→ Aim of the task: Please report every line in the material below where the word "chauras" is found.

→ Data excerpts:
═══

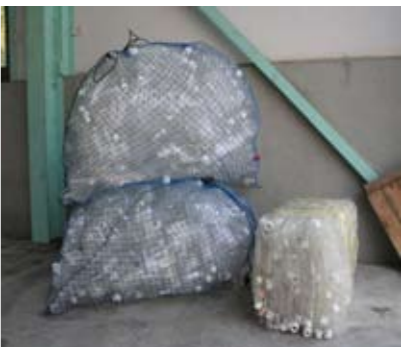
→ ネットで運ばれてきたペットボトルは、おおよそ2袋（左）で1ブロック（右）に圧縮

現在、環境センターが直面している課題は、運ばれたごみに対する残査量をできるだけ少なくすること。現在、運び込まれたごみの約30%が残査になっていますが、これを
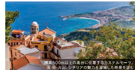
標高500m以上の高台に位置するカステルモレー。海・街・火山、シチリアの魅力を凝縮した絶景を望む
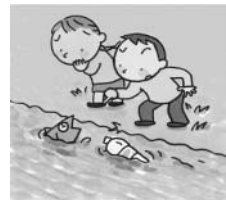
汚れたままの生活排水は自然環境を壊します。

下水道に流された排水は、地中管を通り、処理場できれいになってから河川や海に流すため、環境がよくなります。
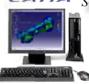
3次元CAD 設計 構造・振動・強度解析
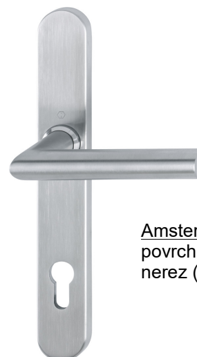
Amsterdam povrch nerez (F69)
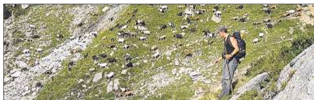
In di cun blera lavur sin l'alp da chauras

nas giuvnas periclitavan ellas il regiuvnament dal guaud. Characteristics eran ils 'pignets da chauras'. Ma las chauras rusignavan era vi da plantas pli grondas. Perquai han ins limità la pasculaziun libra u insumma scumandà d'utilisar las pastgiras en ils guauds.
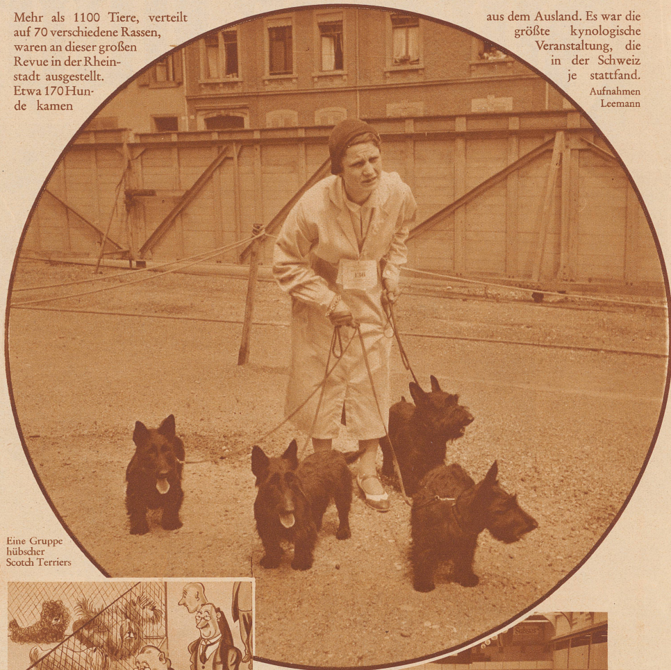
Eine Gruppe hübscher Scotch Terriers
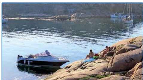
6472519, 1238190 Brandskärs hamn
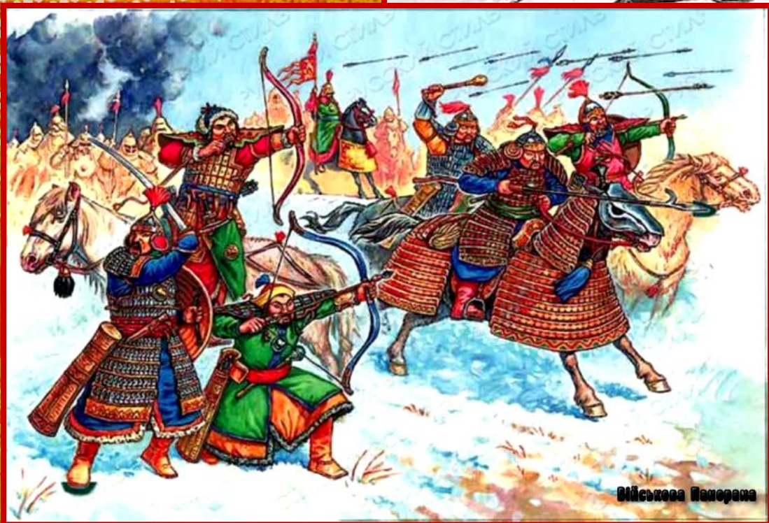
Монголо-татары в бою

═══

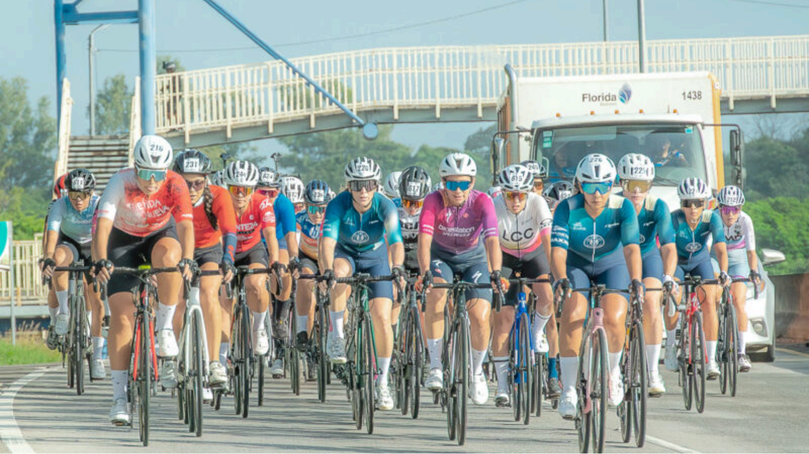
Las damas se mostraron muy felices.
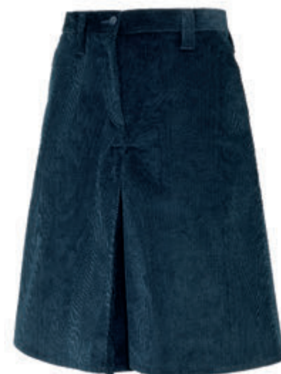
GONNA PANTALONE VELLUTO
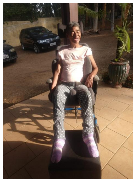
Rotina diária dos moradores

═══

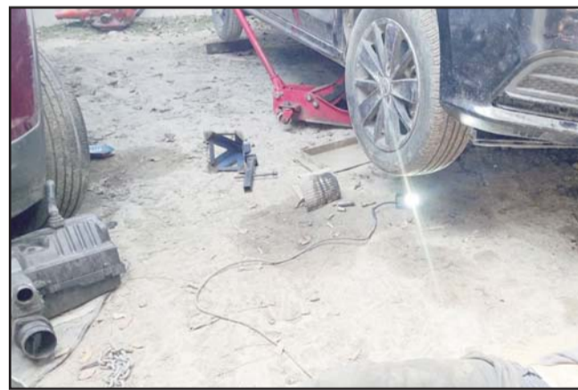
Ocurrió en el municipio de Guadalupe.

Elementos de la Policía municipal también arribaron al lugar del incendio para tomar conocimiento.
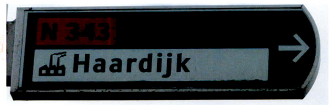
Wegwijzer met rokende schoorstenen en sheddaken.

═══

→ Answer space:
In di cun blera lavur sin l'alp da chauras
nas giuvnas periclitavan ellas il regiuvnament dal guaud. Characteristics eran ils 'pignets da chauras'. Ma las chauras rusignavan era vi da plantas pli grondas. Perquai han ins limità la pasculaziun libra u insumma scumandà d'utilisar las pastgiras en ils guauds.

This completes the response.